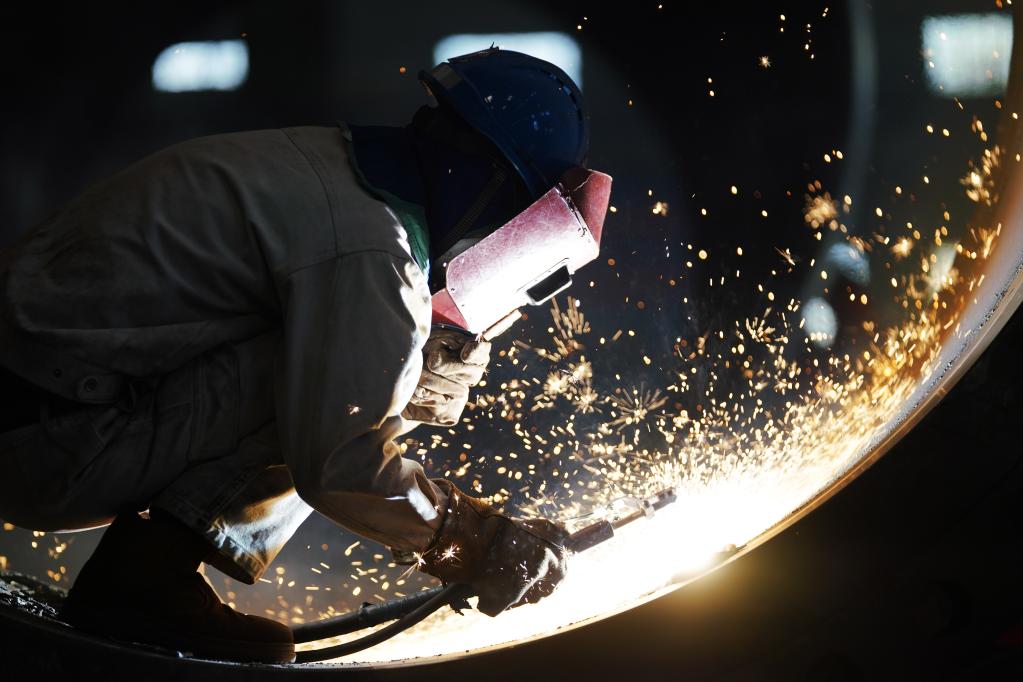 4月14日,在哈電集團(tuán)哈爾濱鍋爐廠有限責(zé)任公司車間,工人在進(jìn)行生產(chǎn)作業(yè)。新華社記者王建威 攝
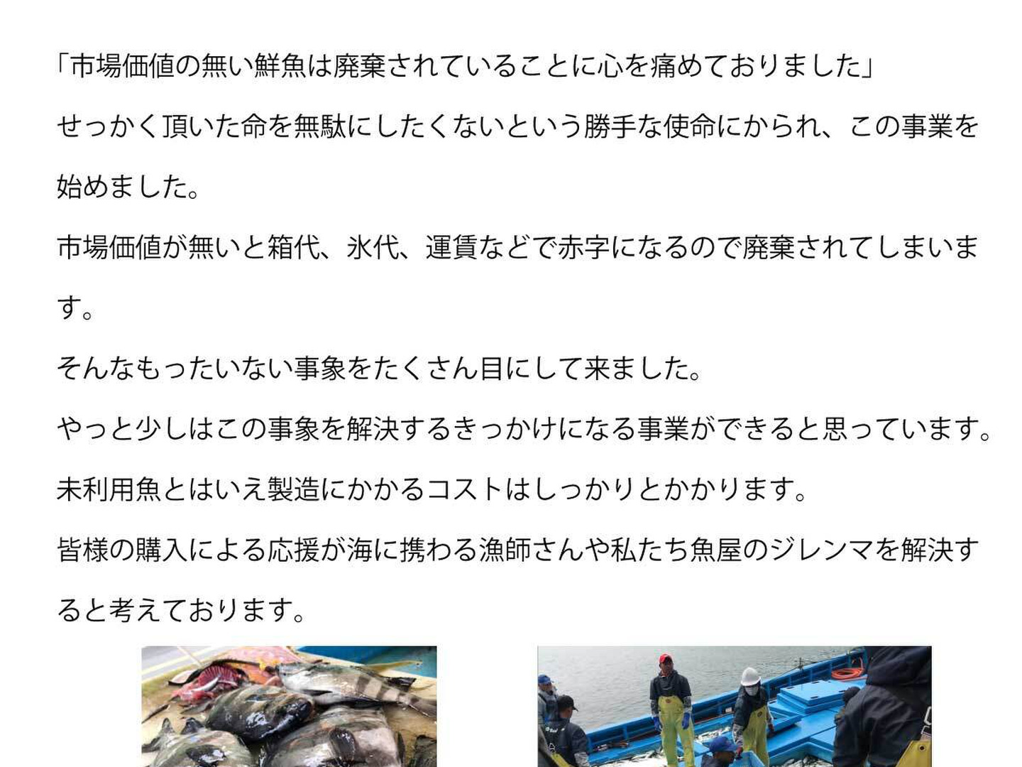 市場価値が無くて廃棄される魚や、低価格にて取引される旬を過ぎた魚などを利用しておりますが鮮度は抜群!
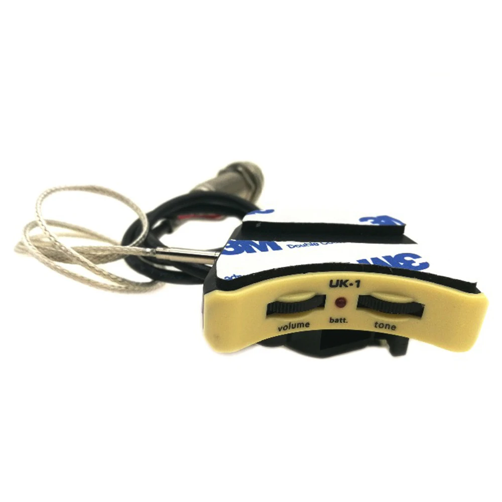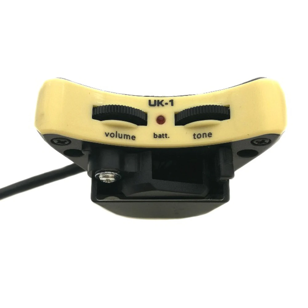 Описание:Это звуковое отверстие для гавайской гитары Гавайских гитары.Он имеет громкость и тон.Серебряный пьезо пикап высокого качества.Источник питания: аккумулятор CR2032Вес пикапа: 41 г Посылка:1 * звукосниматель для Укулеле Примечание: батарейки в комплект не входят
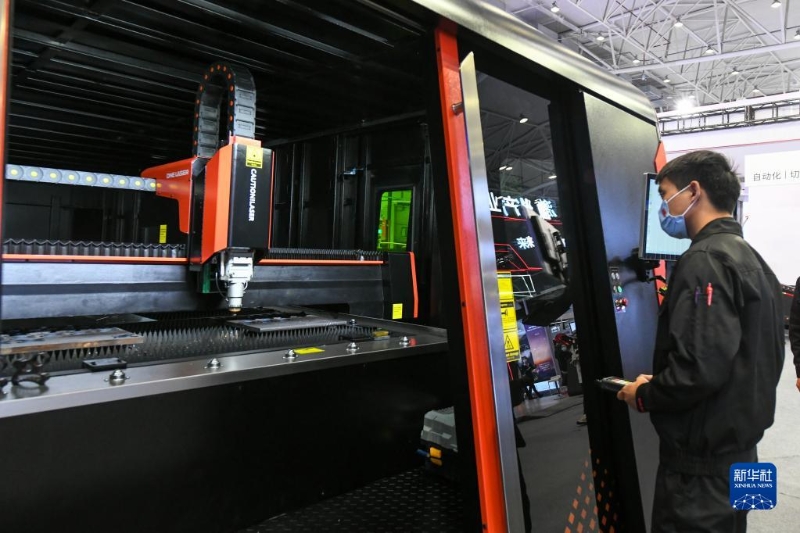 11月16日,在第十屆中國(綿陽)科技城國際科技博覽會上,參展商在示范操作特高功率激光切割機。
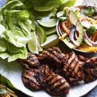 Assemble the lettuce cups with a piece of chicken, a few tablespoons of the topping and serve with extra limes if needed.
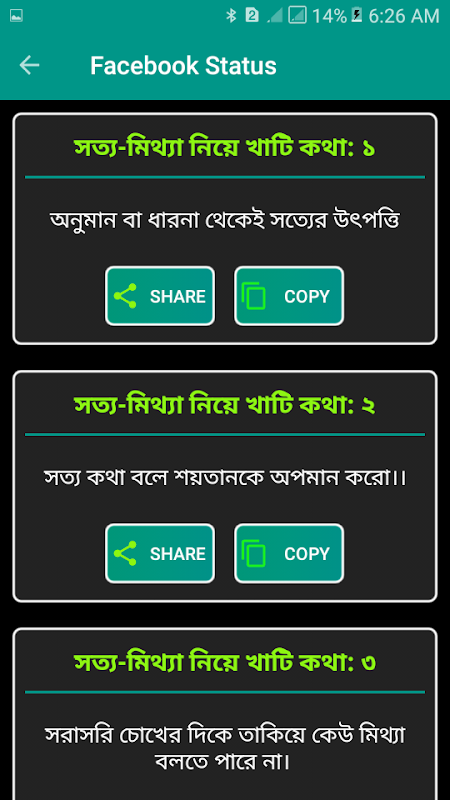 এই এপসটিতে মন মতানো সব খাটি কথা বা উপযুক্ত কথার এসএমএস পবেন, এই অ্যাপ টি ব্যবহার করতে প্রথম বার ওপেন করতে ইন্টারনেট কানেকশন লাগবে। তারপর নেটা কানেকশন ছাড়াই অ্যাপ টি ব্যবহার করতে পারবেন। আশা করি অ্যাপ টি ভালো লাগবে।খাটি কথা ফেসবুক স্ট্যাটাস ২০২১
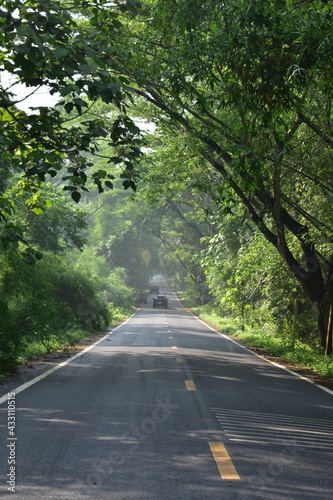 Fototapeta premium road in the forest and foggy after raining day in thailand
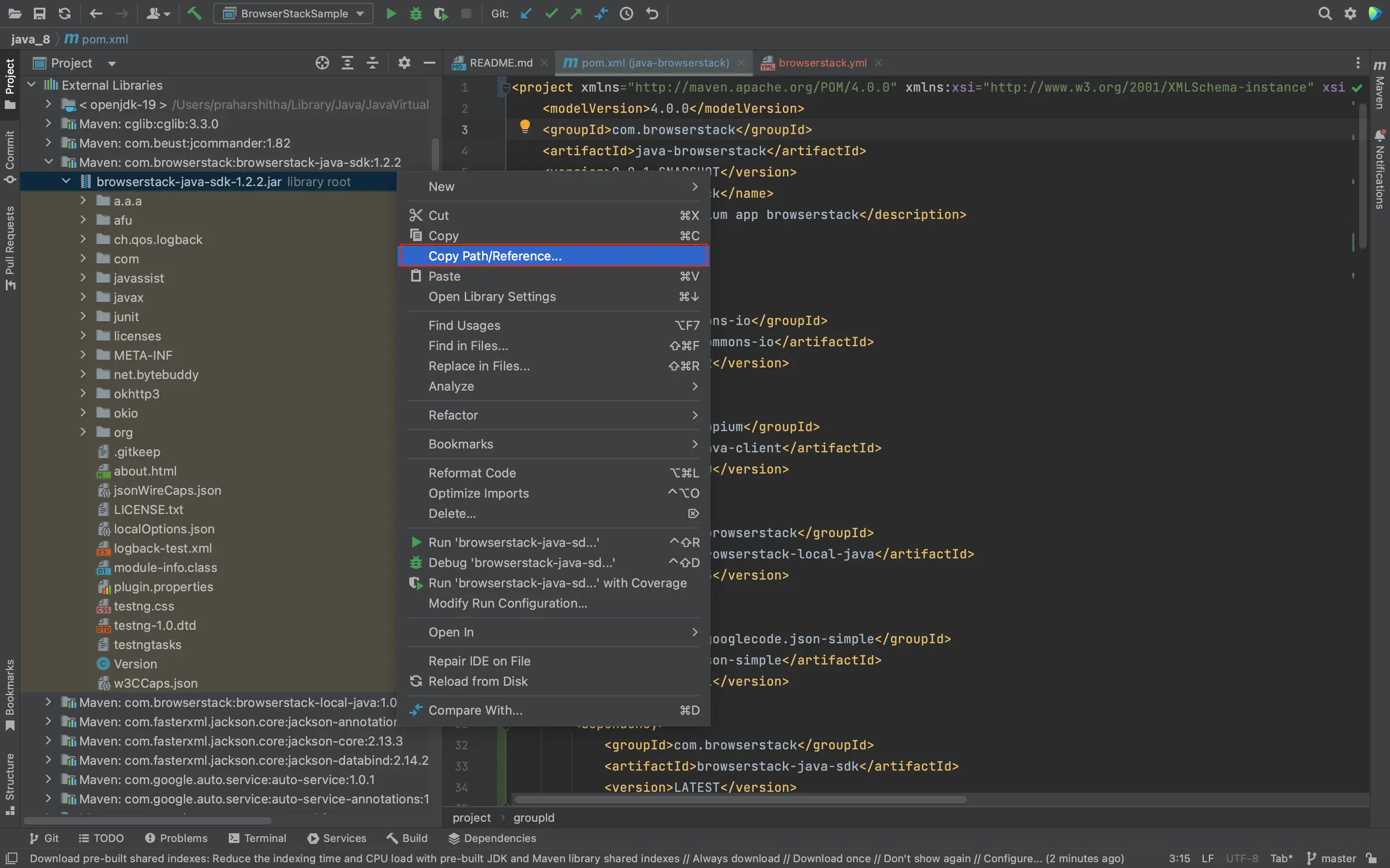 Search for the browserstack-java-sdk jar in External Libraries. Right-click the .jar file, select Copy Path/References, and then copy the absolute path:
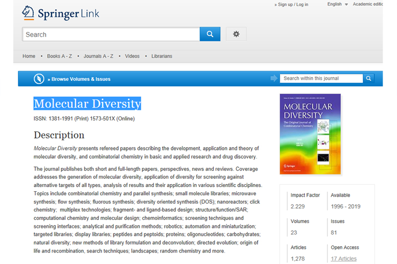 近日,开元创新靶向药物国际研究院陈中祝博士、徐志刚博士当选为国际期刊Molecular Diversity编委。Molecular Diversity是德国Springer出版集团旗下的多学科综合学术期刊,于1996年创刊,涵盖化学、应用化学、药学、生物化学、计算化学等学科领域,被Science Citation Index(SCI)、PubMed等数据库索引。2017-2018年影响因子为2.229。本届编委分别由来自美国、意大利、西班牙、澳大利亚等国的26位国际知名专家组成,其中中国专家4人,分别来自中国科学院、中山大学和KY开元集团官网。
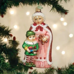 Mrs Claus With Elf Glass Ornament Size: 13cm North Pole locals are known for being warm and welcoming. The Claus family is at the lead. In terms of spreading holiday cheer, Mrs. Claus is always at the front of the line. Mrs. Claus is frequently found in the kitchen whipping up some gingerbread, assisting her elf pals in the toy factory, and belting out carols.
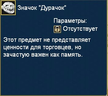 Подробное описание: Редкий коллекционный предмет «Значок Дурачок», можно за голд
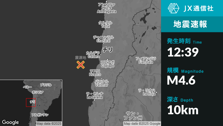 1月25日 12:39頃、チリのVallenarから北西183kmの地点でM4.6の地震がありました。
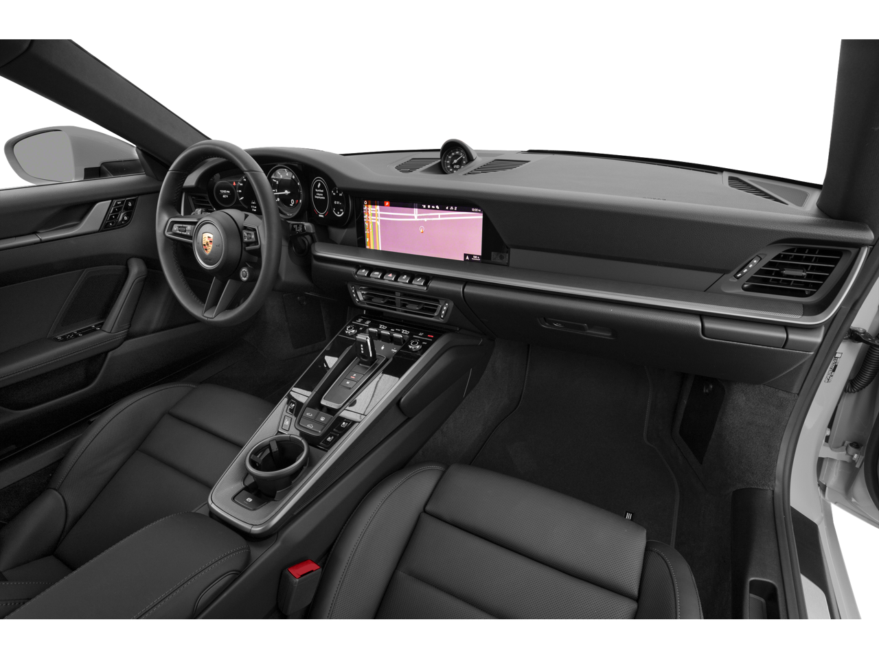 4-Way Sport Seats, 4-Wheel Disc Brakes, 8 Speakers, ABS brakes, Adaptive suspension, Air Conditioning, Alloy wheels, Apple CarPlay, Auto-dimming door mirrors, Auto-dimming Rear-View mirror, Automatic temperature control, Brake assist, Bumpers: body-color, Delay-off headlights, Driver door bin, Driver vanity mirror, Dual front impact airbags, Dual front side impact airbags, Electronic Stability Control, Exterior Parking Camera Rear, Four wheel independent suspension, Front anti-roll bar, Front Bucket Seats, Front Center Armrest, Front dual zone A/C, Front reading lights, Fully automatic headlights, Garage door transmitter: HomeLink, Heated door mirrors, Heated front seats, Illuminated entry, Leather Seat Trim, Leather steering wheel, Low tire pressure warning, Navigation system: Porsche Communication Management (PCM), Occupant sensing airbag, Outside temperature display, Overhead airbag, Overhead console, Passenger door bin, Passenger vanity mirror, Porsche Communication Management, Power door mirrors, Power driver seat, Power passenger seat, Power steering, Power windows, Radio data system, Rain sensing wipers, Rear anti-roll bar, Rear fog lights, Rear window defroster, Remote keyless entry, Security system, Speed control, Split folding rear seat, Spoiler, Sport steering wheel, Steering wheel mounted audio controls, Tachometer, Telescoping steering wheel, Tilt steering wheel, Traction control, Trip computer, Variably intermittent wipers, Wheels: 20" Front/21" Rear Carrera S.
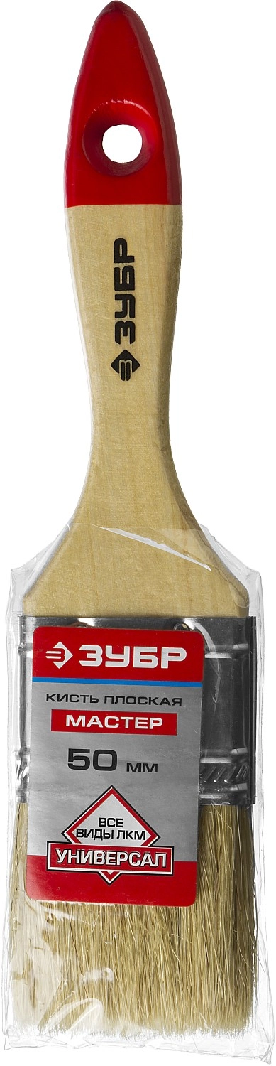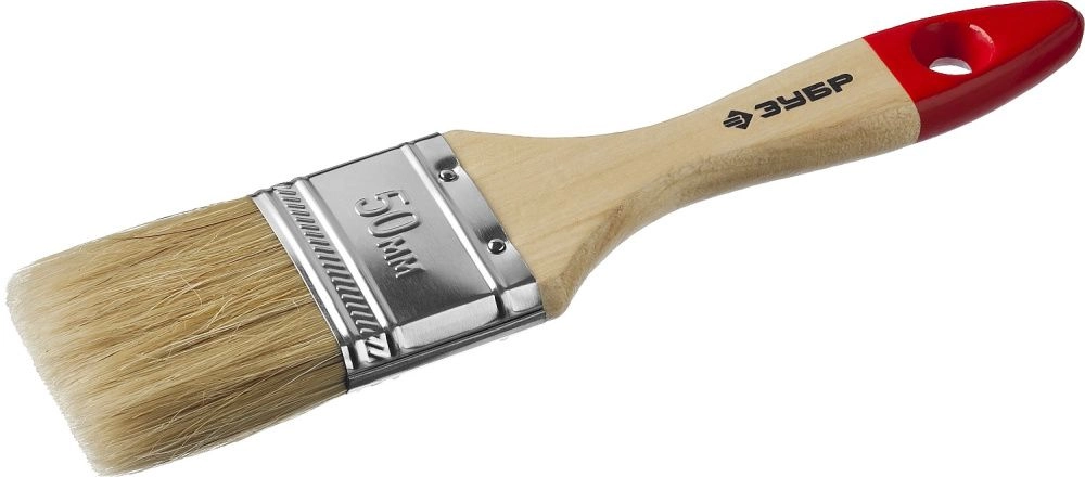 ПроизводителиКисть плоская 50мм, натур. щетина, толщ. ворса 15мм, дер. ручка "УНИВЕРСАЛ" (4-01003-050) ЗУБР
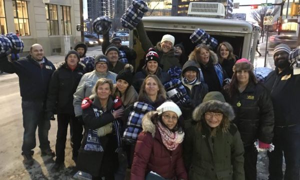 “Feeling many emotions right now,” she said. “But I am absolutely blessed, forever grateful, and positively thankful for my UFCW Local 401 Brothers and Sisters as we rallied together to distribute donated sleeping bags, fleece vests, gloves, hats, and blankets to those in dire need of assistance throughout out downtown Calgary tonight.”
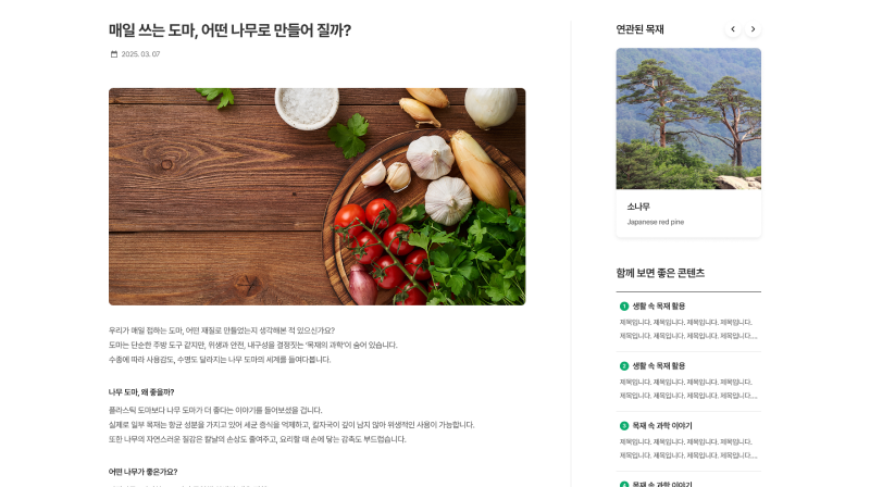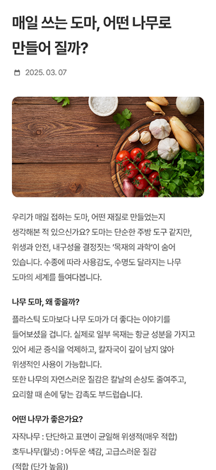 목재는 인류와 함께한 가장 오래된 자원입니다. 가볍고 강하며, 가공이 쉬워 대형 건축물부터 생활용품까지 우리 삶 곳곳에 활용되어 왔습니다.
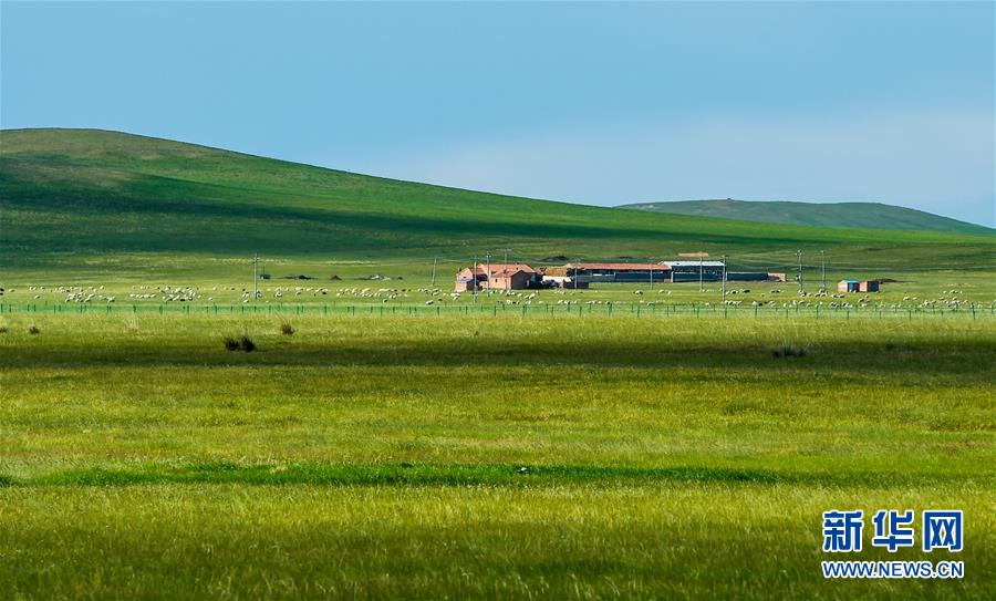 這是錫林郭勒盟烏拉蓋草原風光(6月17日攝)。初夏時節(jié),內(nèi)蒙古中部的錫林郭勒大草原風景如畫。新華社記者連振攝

- - -

● **Exercise aim**
Leave out the pictures and retype every line above exactly.

● **Result of the exercise**
 4月14日,在哈電集團(tuán)哈爾濱鍋爐廠有限責(zé)任公司車間,工人在進(jìn)行生產(chǎn)作業(yè)。新華社記者王建威 攝
 市場価値が無くて廃棄される魚や、低価格にて取引される旬を過ぎた魚などを利用しておりますが鮮度は抜群!
 Описание:Это звуковое отверстие для гавайской гитары Гавайских гитары.Он имеет громкость и тон.Серебряный пьезо пикап высокого качества.Источник питания: аккумулятор CR2032Вес пикапа: 41 г Посылка:1 * звукосниматель для Укулеле Примечание: батарейки в комплект не входят
 11月16日,在第十屆中國(綿陽)科技城國際科技博覽會上,參展商在示范操作特高功率激光切割機。
 Assemble the lettuce cups with a piece of chicken, a few tablespoons of the topping and serve with extra limes if needed.
 এই এপসটিতে মন মতানো সব খাটি কথা বা উপযুক্ত কথার এসএমএস পবেন, এই অ্যাপ টি ব্যবহার করতে প্রথম বার ওপেন করতে ইন্টারনেট কানেকশন লাগবে। তারপর নেটা কানেকশন ছাড়াই অ্যাপ টি ব্যবহার করতে পারবেন। আশা করি অ্যাপ টি ভালো লাগবে।খাটি কথা ফেসবুক স্ট্যাটাস ২০২১
 Fototapeta premium road in the forest and foggy after raining day in thailand
 Search for the browserstack-java-sdk jar in External Libraries. Right-click the .jar file, select Copy Path/References, and then copy the absolute path:
 近日,开元创新靶向药物国际研究院陈中祝博士、徐志刚博士当选为国际期刊Molecular Diversity编委。Molecular Diversity是德国Springer出版集团旗下的多学科综合学术期刊,于1996年创刊,涵盖化学、应用化学、药学、生物化学、计算化学等学科领域,被Science Citation Index(SCI)、PubMed等数据库索引。2017-2018年影响因子为2.229。本届编委分别由来自美国、意大利、西班牙、澳大利亚等国的26位国际知名专家组成,其中中国专家4人,分别来自中国科学院、中山大学和KY开元集团官网。
 Mrs Claus With Elf Glass Ornament Size: 13cm North Pole locals are known for being warm and welcoming. The Claus family is at the lead. In terms of spreading holiday cheer, Mrs. Claus is always at the front of the line. Mrs. Claus is frequently found in the kitchen whipping up some gingerbread, assisting her elf pals in the toy factory, and belting out carols.
 Подробное описание: Редкий коллекционный предмет «Значок Дурачок», можно за голд
 1月25日 12:39頃、チリのVallenarから北西183kmの地点でM4.6の地震がありました。
 4-Way Sport Seats, 4-Wheel Disc Brakes, 8 Speakers, ABS brakes, Adaptive suspension, Air Conditioning, Alloy wheels, Apple CarPlay, Auto-dimming door mirrors, Auto-dimming Rear-View mirror, Automatic temperature control, Brake assist, Bumpers: body-color, Delay-off headlights, Driver door bin, Driver vanity mirror, Dual front impact airbags, Dual front side impact airbags, Electronic Stability Control, Exterior Parking Camera Rear, Four wheel independent suspension, Front anti-roll bar, Front Bucket Seats, Front Center Armrest, Front dual zone A/C, Front reading lights, Fully automatic headlights, Garage door transmitter: HomeLink, Heated door mirrors, Heated front seats, Illuminated entry, Leather Seat Trim, Leather steering wheel, Low tire pressure warning, Navigation system: Porsche Communication Management (PCM), Occupant sensing airbag, Outside temperature display, Overhead airbag, Overhead console, Passenger door bin, Passenger vanity mirror, Porsche Communication Management, Power door mirrors, Power driver seat, Power passenger seat, Power steering, Power windows, Radio data system, Rain sensing wipers, Rear anti-roll bar, Rear fog lights, Rear window defroster, Remote keyless entry, Security system, Speed control, Split folding rear seat, Spoiler, Sport steering wheel, Steering wheel mounted audio controls, Tachometer, Telescoping steering wheel, Tilt steering wheel, Traction control, Trip computer, Variably intermittent wipers, Wheels: 20" Front/21" Rear Carrera S.
 ПроизводителиКисть плоская 50мм, натур. щетина, толщ. ворса 15мм, дер. ручка "УНИВЕРСАЛ" (4-01003-050) ЗУБР
 “Feeling many emotions right now,” she said. “But I am absolutely blessed, forever grateful, and positively thankful for my UFCW Local 401 Brothers and Sisters as we rallied together to distribute donated sleeping bags, fleece vests, gloves, hats, and blankets to those in dire need of assistance throughout out downtown Calgary tonight.”
 목재는 인류와 함께한 가장 오래된 자원입니다. 가볍고 강하며, 가공이 쉬워 대형 건축물부터 생활용품까지 우리 삶 곳곳에 활용되어 왔습니다.
 這是錫林郭勒盟烏拉蓋草原風光(6月17日攝)。初夏時節(jié),內(nèi)蒙古中部的錫林郭勒大草原風景如畫。新華社記者連振攝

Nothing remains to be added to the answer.